1) A reasonable BATNA protects against bad decisions caused by framing error,
escalation of commitment, or overconfidence.
2) The BATNA also helps to define the bargaining zone. It is the difference between the
BATNAs belonging to each side.
d. Other negotiation concepts include (1) added-value negotiating, (2) the principled
negotiation method, and (3) distributive and integrative bargaining.
5. Change Management
a. Change management is important to all organizations. Different types of change include
cultural change, product change, and structural change.
b. Organizational and procedural changes often are resisted by the individuals and groups
affected. This response may be caused by simple surprise, inertia, or fear of failure.
c. Organizational development (OD) provides a framework for managing change using the
findings of the behavioral sciences.
6. Project Management
a. A project is a temporary undertaking with specified objectives that often involves a cross-
functional team and working outside customary organizational lines.
b. A project life cycle generally includes (1) the initiation phase, (2) the planning phase,
(3) the execution phase, and (4) the closure phase.

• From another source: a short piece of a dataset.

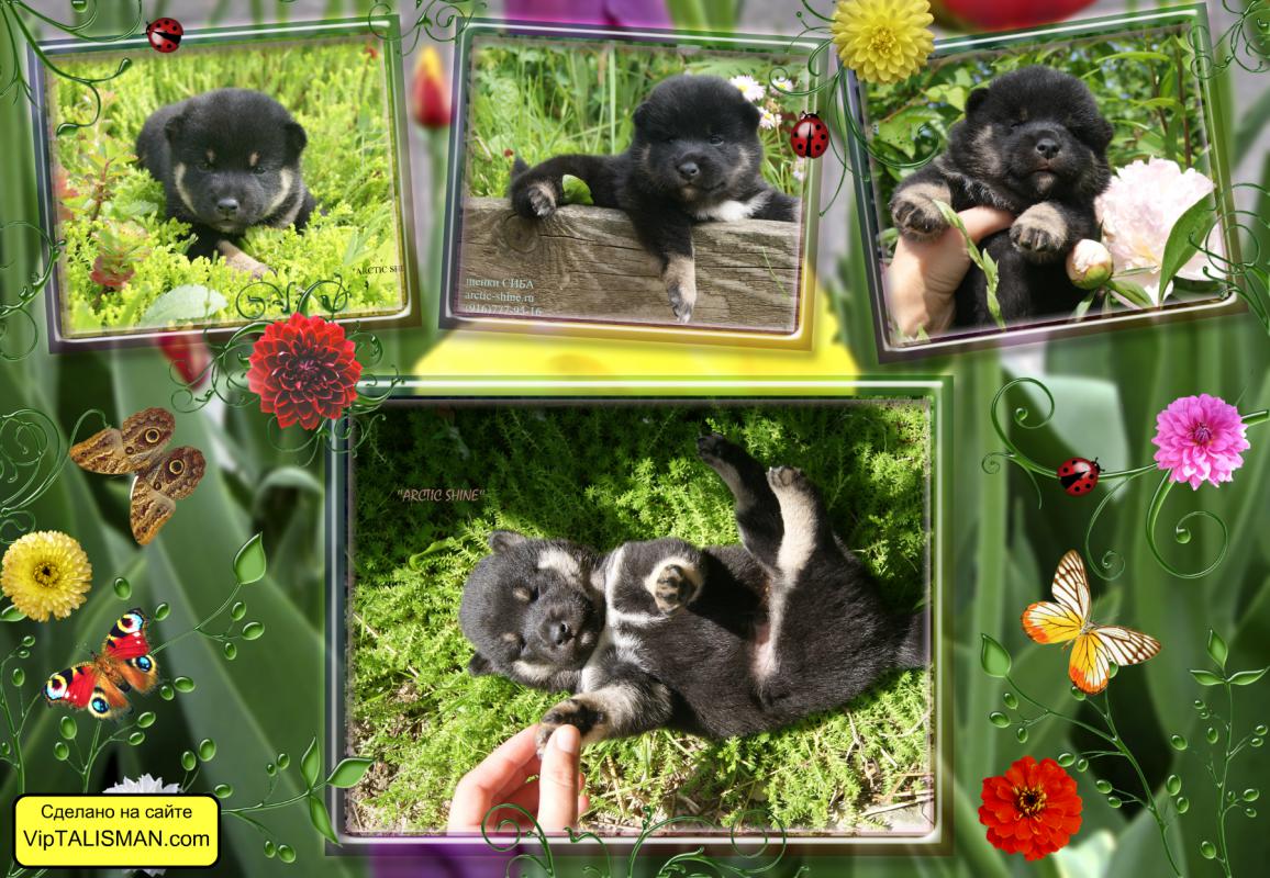 Щенкам почти месяц Уже вовсю бегают, начали есть сухой размоченный корм, выходят из гнезда писать на пеленку . Активно знакомятся с внешним мирок, ведь кругом так много интересного! Можно пообщаться с детьми и поиграть с ними, погонять кота мэйкуна, который живет в доме, пообщаться через заграждение с взрослым кобелем сиба. И конечно обследовать дом и послушать что делается на улице.

c. Project management is the process of managing the tradeoff between the two major inputs
(time and cost) and the major output (quality).
d. Common techniques for project management include Gantt charts, the program evaluation
and review technique (PERT), and the critical path method (CPM). They are suitable for
any project having a target completion date and single start.
1) Gantt charts show the projected start and finish times for each task as well as for the
project as a whole.
2) PERT is a method used to analyze the tasks involved in completing a given project,
specifically, the time needed to complete each task and the minimum time needed to
complete the project.
3) CPM calculates the longest path of activities to the end of the project, and the earliest
and latest that each activity can start and finish without making the project longer.
This process determines which activities are “critical” (i.e., already on the longest
path) and which can be delayed without making the project longer. The critical path is
the sequence of activities which add up to the longest overall path.